Tesone and Trajman aren’t taking credit — at least, publicly — for the election results. I wanted to talk with them, but after a brief and civil email exchange with Tesone in which I mentioned setting up an interview with him and Trajman, I didn’t hear back.
Who are these guys?
Tesone was a managing partner at a private equity investment firm in New York form 2011 to 2018, according to his LinkedIn profile. He’s also an “experienced investor” and entrepreneur.
Trajman was a founder and CEO of a software development company in San Francisco, according to his online profile. Trajman and his wife, Lily, purchased their Norwich house for $1.1 million in 2014, town property records indicate. (Tesone’s name didn’t pop up in an online search of property records.) Lily Trajman is Norwich’s new town clerk, winning an uncontested race Tuesday to replace Bonnie Munday, who retired.
Tesone and Omer Trajman argue their coalition doesn’t play politics. “We are conscious of the fact that while SUFN has attracted residents who share our concerns for public safety and administrative mismanagement, that doesn’t mean that everyone has a common view of other issues,” Tesone responded via email Thursday. “For that reason, SUFN explicitly did not make a statement of endorsement for candidates, who also don’t agree on every issue.”
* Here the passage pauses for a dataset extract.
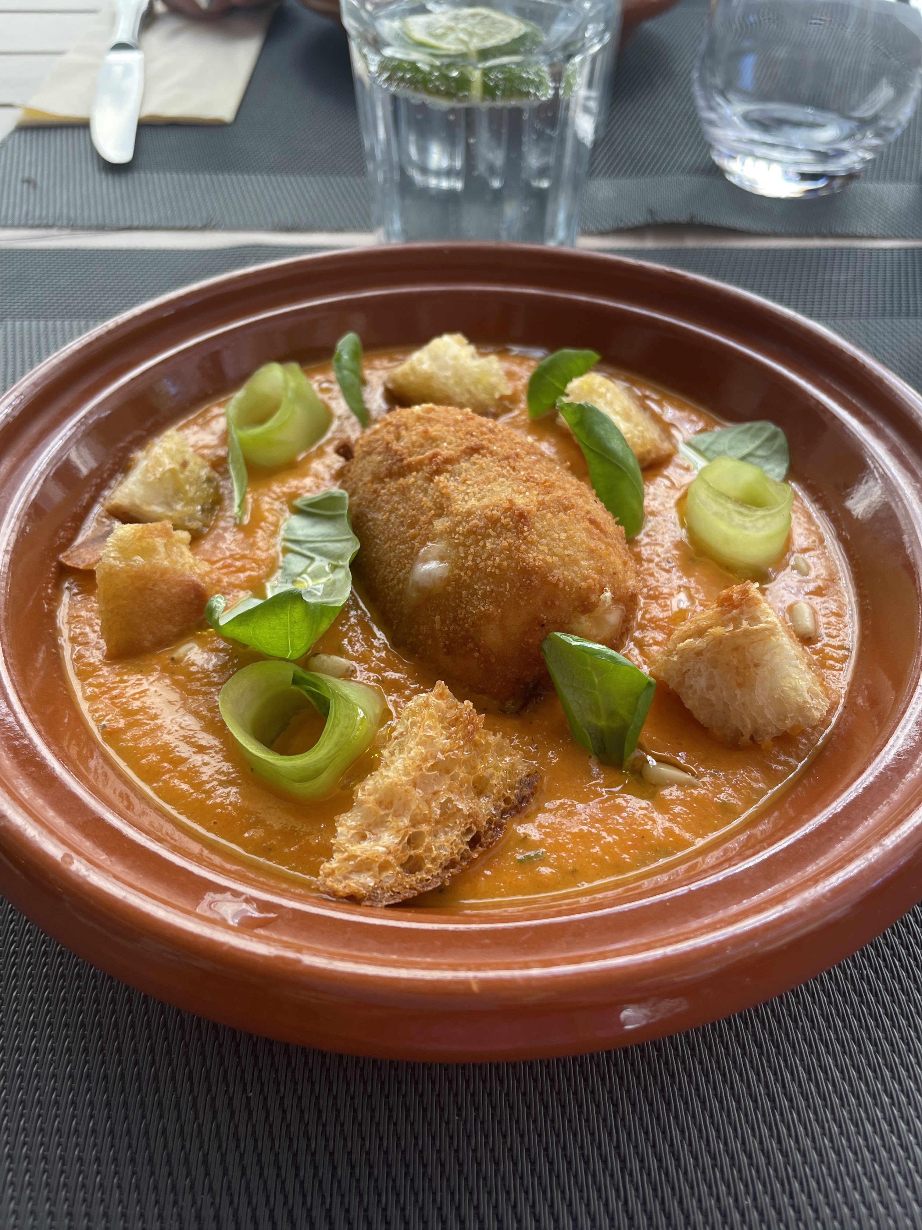 Une jolie terrasse dans un endroit plein de charme. De la très bonne cuisine pour un prix très correct. Un excellent gaspacho tomates, sorbet concombre basilic ! De plus, le service est très agréable : attentionné sans être envahissant, M. Et Mme sont très souriants.

As I wrote back to Tesone, I don’t buy it. Clearly, Stand Up viewed Gere and Lamperti as threats to its agenda.
“The collapse of our police and (public works) departments, in particular, has only confirmed the fact that our current Selectboard members and town manager are leading Norwich in the wrong direction,” Stand Up states on its website.
Apparently, Calloway wasn’t lumped in with other board members. On Tuesday, the same day that residents were voting on the three Selectboard races, Tesone posted on the Norwich Listserv:
“Marcia has stood alone as the sole Selectboard member prioritizing the community that she serves.”
Sounds like an endorsement to me.
In our phone conversation Friday, Calloway, who defeated Gere, downplayed Stand Up’s role in the board races. It was more about residents wanting a “new tone,” she told me.
Getting Stand Up and others involved in town government is “healthy, as long as everyone is respectful,” she said.
Not all Town Meeting votes went Stand Up’s way.
The nonprofit Norwich Farm Foundation, which is Trajman’s pet project (I mean that, literally), received only 25.5% of the vote in its bid for a 10-year property tax exemption. (To Stand Up’s credit, it acknowledged before the vote that Trajman serves on the organization’s board of directors.)
Stand Up also questioned whether Norwich should reduce the late penalty charged on property taxes from 8% to 4%.
“Given the current interest rates, a 4% rate may create an incentive for those who can afford to delay payment,” Trajman wrote in a Listserv posting.
That might be how some rich people think, but most folks who fall behind on their property tax payments do so because they’re experiencing financial struggles.
On Tuesday, 85% of Norwich voters supported reducing the late penalty.
Finally, something worth standing up for.